Transcribe exactly the lines below that begin at the line with "현직 국회의원을 체포하거나 구금하기 위하여 동의안이 통과하여야 합니다." and stop after the line with "你好,请帮忙看一下做了无创DNA的结果,是不是就没事了!", leaving out every picture.

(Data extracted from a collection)
=====

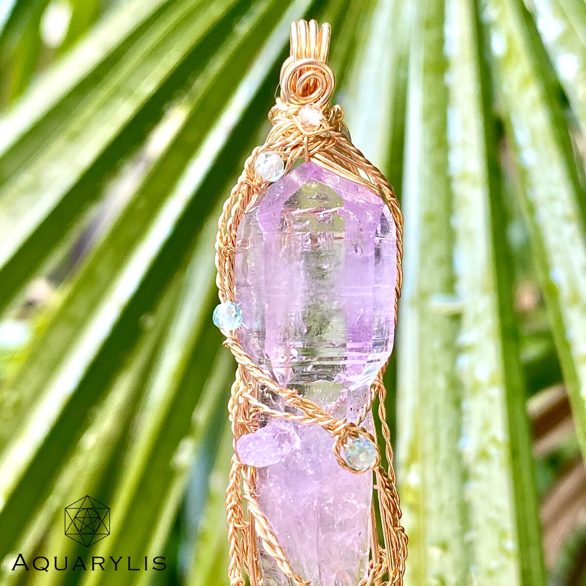 あなたがペンダントを見たり、身につけた時、ピンクバイオレットの美しい輝きが心を満たし、あたたかい春風を人生に運ぶようなヒーリングエナジーをお届けしたい。こんな想いを込めてお仕立てしました。
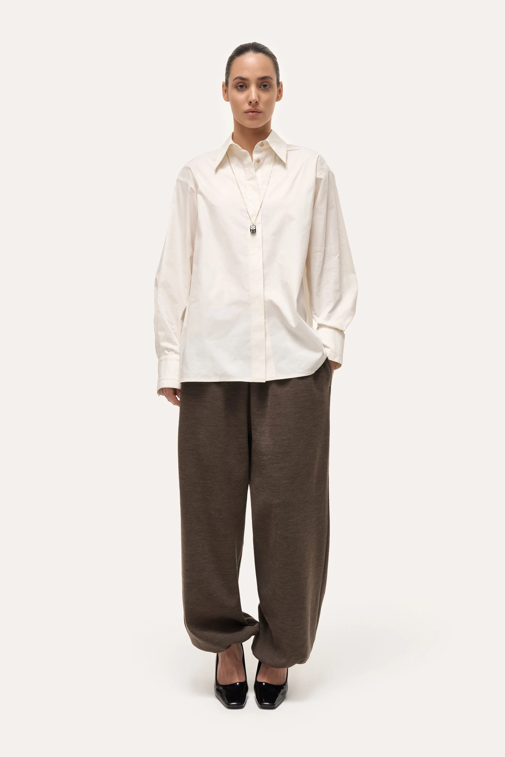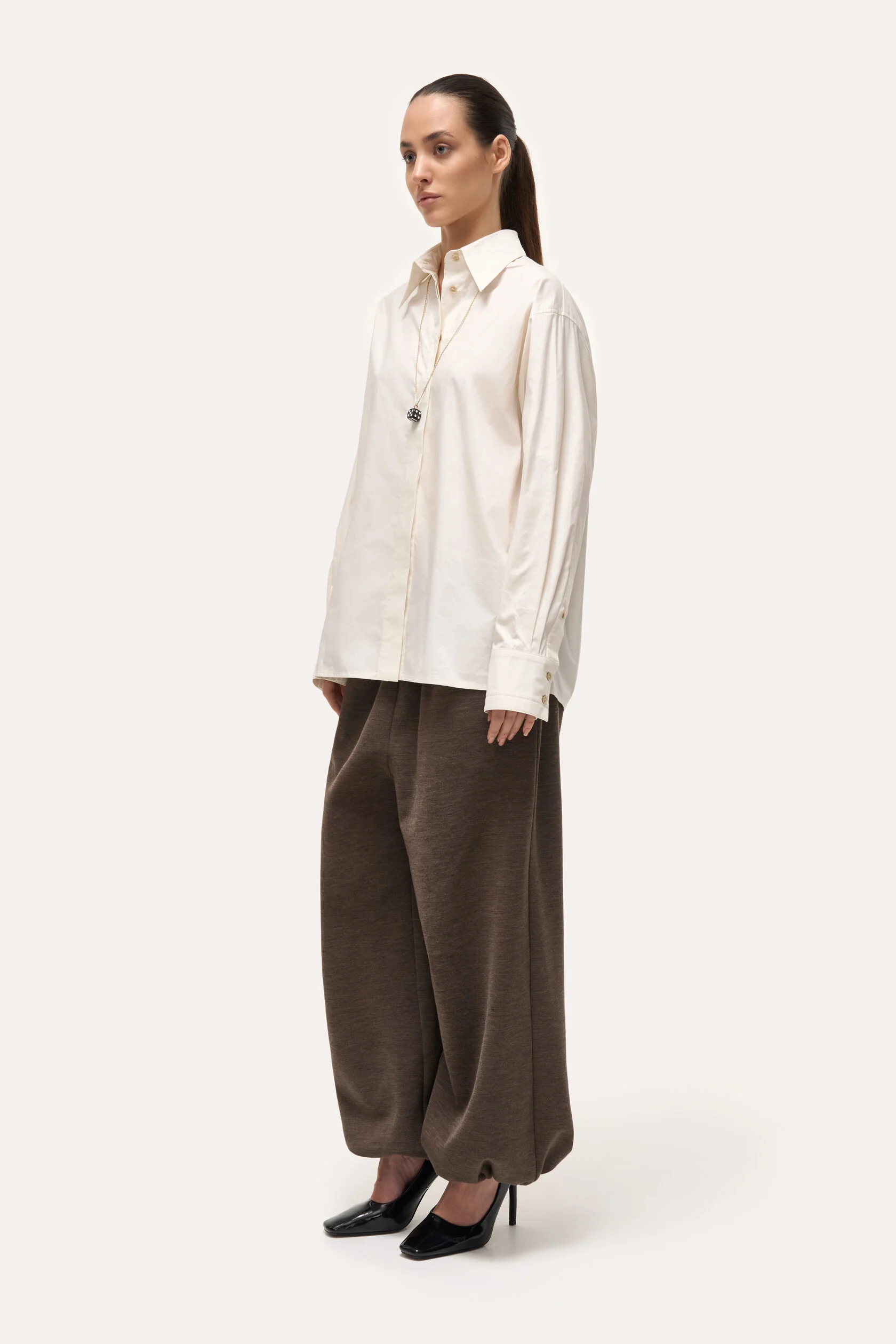 Мягкий трикотаж обеспечивает приятные ощущения на коже, а нейтральный коричневый цвет позволяет легко сочетать эти брюки с любыми вещами из вашего гардероба.
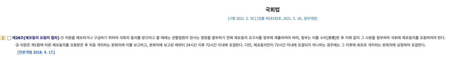 현직 국회의원을 체포하거나 구금하기 위하여 동의안이 통과하여야 합니다.
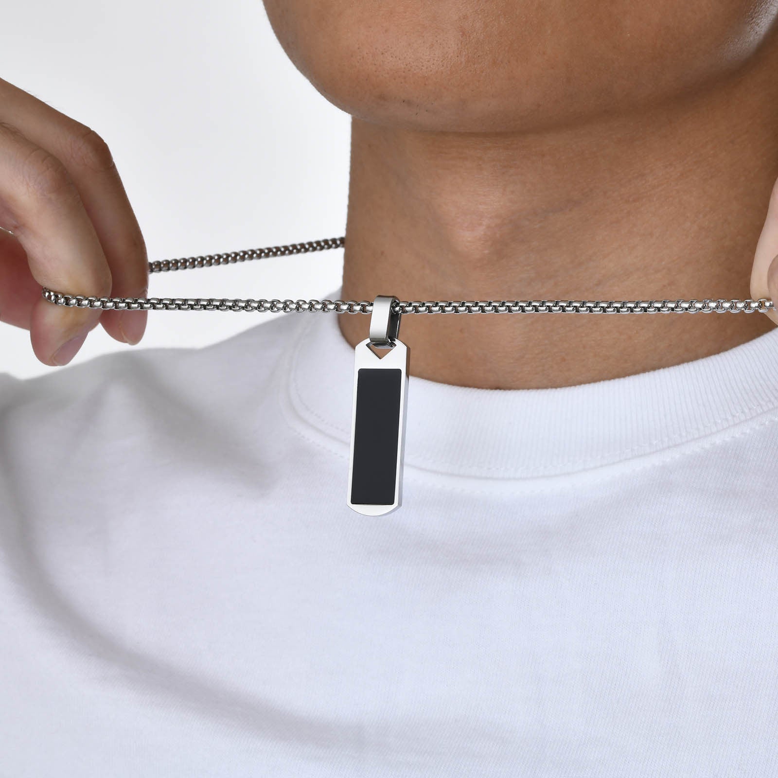 Discover the ultimate statement piece for any modern man with our Men's fashion stainless steel all-light lapis lazuli agate drop glue rectangular strip pendant steel for men. This stunning pendant is not just a piece of jewelry; it's a reflection of style and sophistication. Crafted from premium stainless steel, it promises durability while offering a sleek, polished finish that catches the eye and complements any outfit.
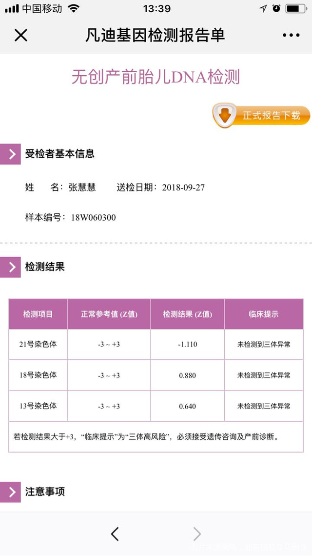 你好,请帮忙看一下做了无创DNA的结果,是不是就没事了!
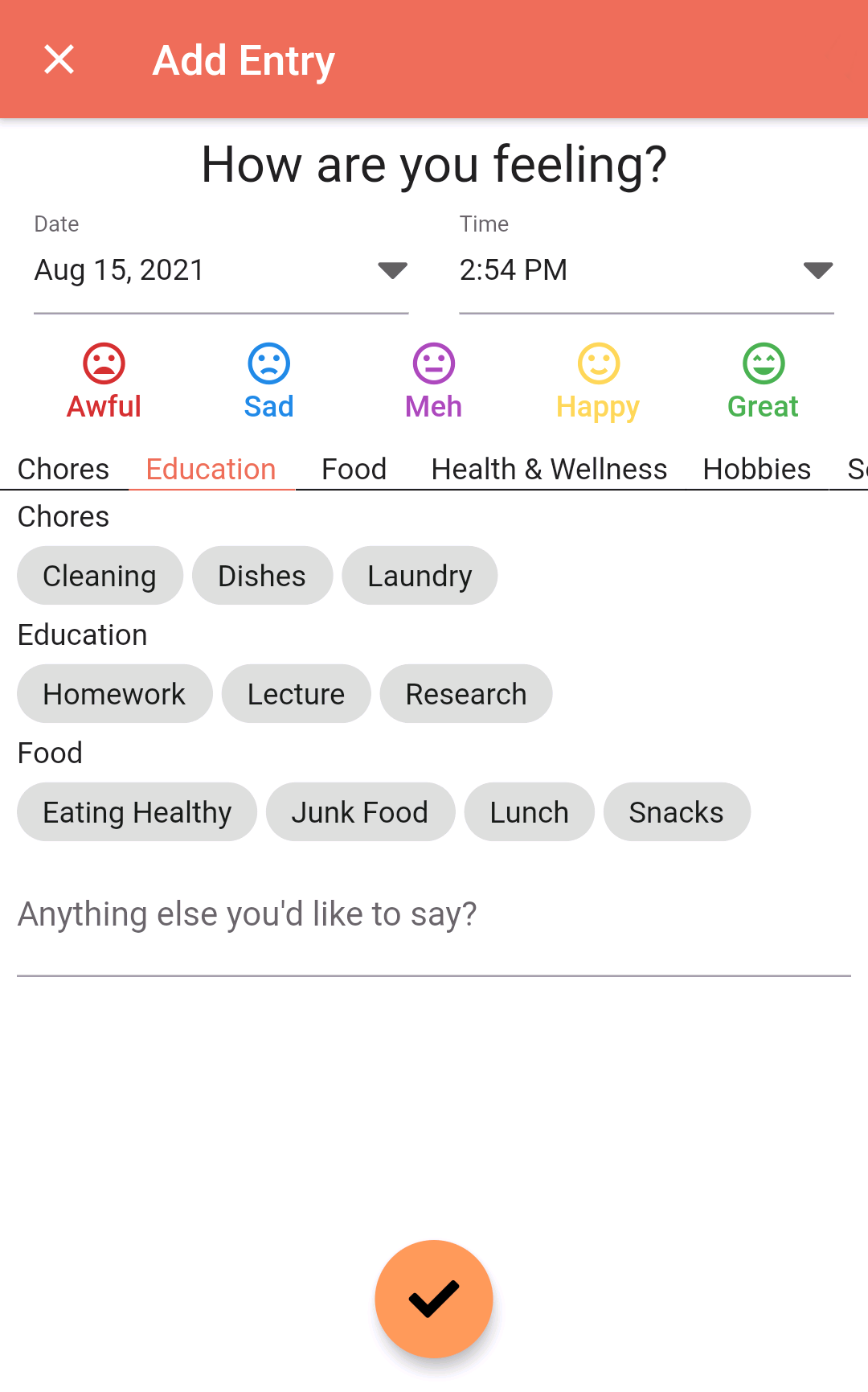 Pick your mood and labels. Not feeling a mood, or want to expand? You can create or edit existing moods to better track you feelings. Even change their icons to better express how you're feeling.
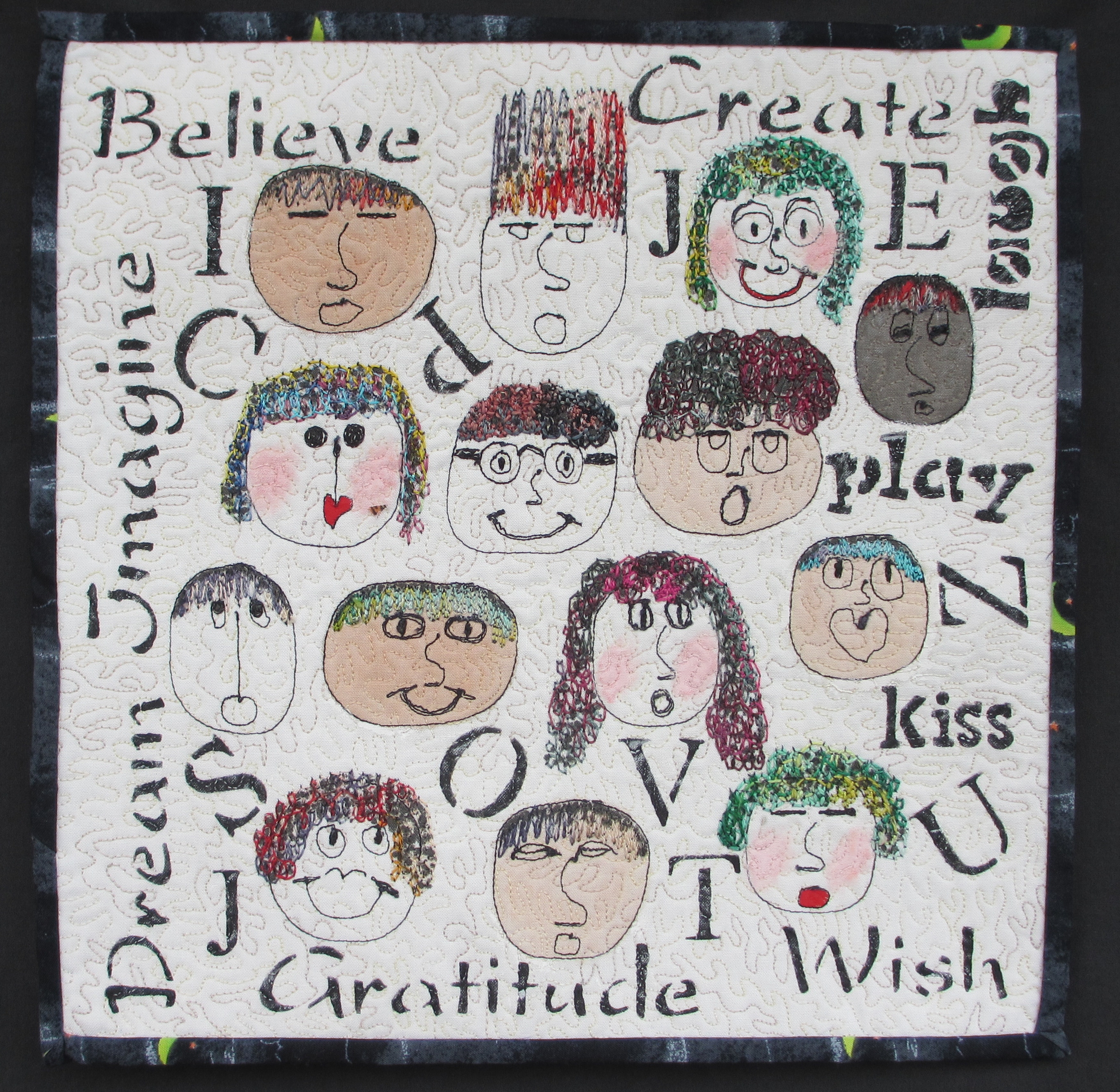 Love to do faces! Happy to be part of a wonderful art group. The Serendipities current rotation trade theme is “face Value” My 12 x 12 , “Harmony” is free-motion thread stitched using Valdani Hand Dyed Variegated Threads. The background was stitched with a beautiful hue, Subtle Elegance,  50 wt. I used Black Night, also 50 wt. to outline the faces, and also fill in the facial features. Pearl Cotton #8 and # 12 was used from the reverse, bobbin work for the hair. The pearl cotton threads really added a nice textured look. Different weights of these threads create a variety of textures; because I tend to embellish heavily with threads its so important to me to have the quality. Valdani provides just that, a fantastic product!Harmony 2013

=====

- Solution to the problem
 현직 국회의원을 체포하거나 구금하기 위하여 동의안이 통과하여야 합니다.
 Discover the ultimate statement piece for any modern man with our Men's fashion stainless steel all-light lapis lazuli agate drop glue rectangular strip pendant steel for men. This stunning pendant is not just a piece of jewelry; it's a reflection of style and sophistication. Crafted from premium stainless steel, it promises durability while offering a sleek, polished finish that catches the eye and complements any outfit.
 你好,请帮忙看一下做了无创DNA的结果,是不是就没事了!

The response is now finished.